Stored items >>
________
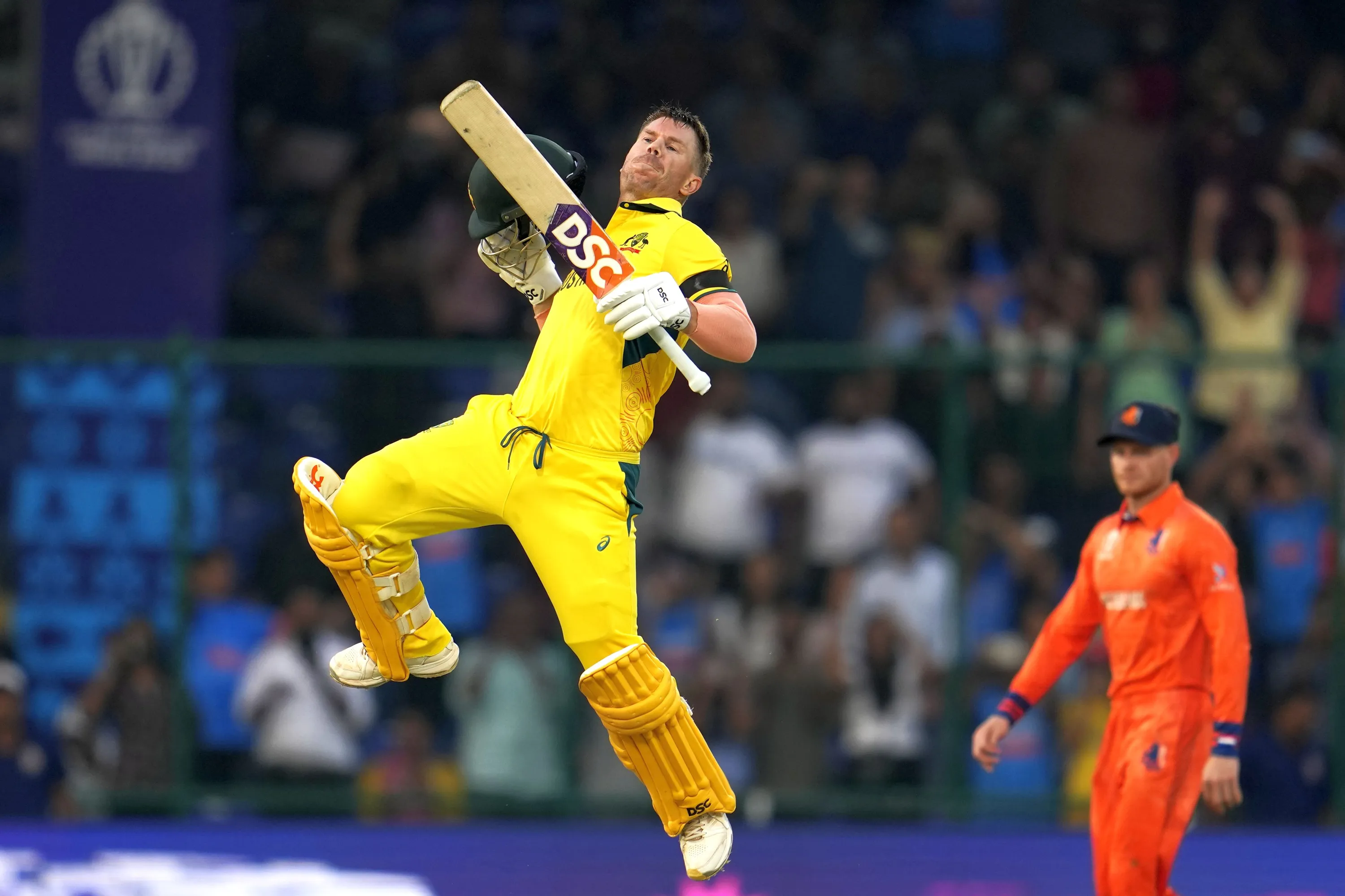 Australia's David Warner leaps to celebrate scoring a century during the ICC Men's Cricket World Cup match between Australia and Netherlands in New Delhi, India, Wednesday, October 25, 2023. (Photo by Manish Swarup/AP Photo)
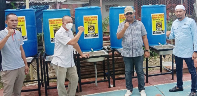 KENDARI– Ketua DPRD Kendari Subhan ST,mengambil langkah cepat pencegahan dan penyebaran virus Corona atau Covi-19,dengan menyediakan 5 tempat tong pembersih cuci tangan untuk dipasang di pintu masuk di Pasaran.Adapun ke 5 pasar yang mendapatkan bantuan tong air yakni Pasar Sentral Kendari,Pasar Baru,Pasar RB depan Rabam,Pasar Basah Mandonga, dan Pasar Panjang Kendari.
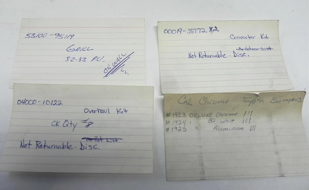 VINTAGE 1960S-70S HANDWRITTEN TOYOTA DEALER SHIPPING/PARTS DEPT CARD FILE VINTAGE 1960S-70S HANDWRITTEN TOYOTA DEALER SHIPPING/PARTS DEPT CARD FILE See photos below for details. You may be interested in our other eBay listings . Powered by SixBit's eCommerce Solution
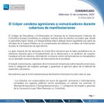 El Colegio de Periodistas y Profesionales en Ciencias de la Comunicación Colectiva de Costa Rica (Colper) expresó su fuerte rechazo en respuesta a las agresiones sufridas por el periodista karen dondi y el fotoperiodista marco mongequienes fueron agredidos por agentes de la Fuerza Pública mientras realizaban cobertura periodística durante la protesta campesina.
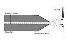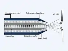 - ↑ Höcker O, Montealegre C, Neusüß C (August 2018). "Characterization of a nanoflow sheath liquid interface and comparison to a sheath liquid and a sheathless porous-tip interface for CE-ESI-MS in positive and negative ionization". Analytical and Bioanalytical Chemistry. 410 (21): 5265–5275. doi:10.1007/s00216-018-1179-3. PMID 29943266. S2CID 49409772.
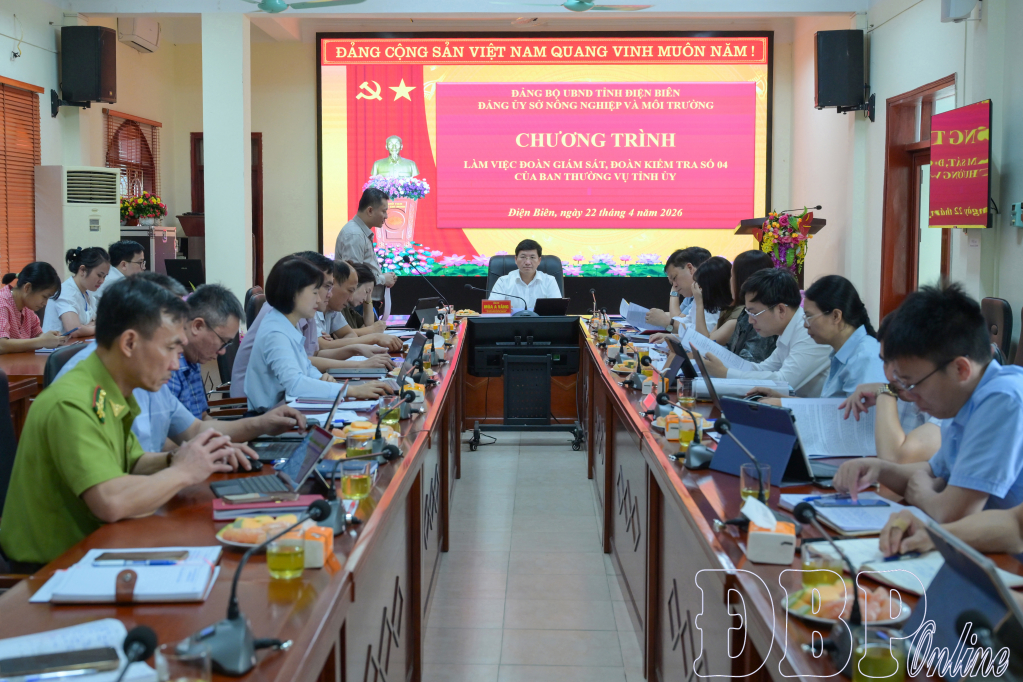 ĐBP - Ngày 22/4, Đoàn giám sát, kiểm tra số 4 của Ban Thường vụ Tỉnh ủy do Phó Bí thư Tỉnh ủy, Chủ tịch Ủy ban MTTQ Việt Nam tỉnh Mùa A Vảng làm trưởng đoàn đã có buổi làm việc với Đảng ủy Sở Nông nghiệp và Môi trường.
________
Exercise >> Exactly as written, restate the lines from the one that contains "- ↑ Höcker O, Montealegre" through the final line of the data, both ends included, but leave out the pictures.

Written response >>
 - ↑ Höcker O, Montealegre C, Neusüß C (August 2018). "Characterization of a nanoflow sheath liquid interface and comparison to a sheath liquid and a sheathless porous-tip interface for CE-ESI-MS in positive and negative ionization". Analytical and Bioanalytical Chemistry. 410 (21): 5265–5275. doi:10.1007/s00216-018-1179-3. PMID 29943266. S2CID 49409772.
 ĐBP - Ngày 22/4, Đoàn giám sát, kiểm tra số 4 của Ban Thường vụ Tỉnh ủy do Phó Bí thư Tỉnh ủy, Chủ tịch Ủy ban MTTQ Việt Nam tỉnh Mùa A Vảng làm trưởng đoàn đã có buổi làm việc với Đảng ủy Sở Nông nghiệp và Môi trường.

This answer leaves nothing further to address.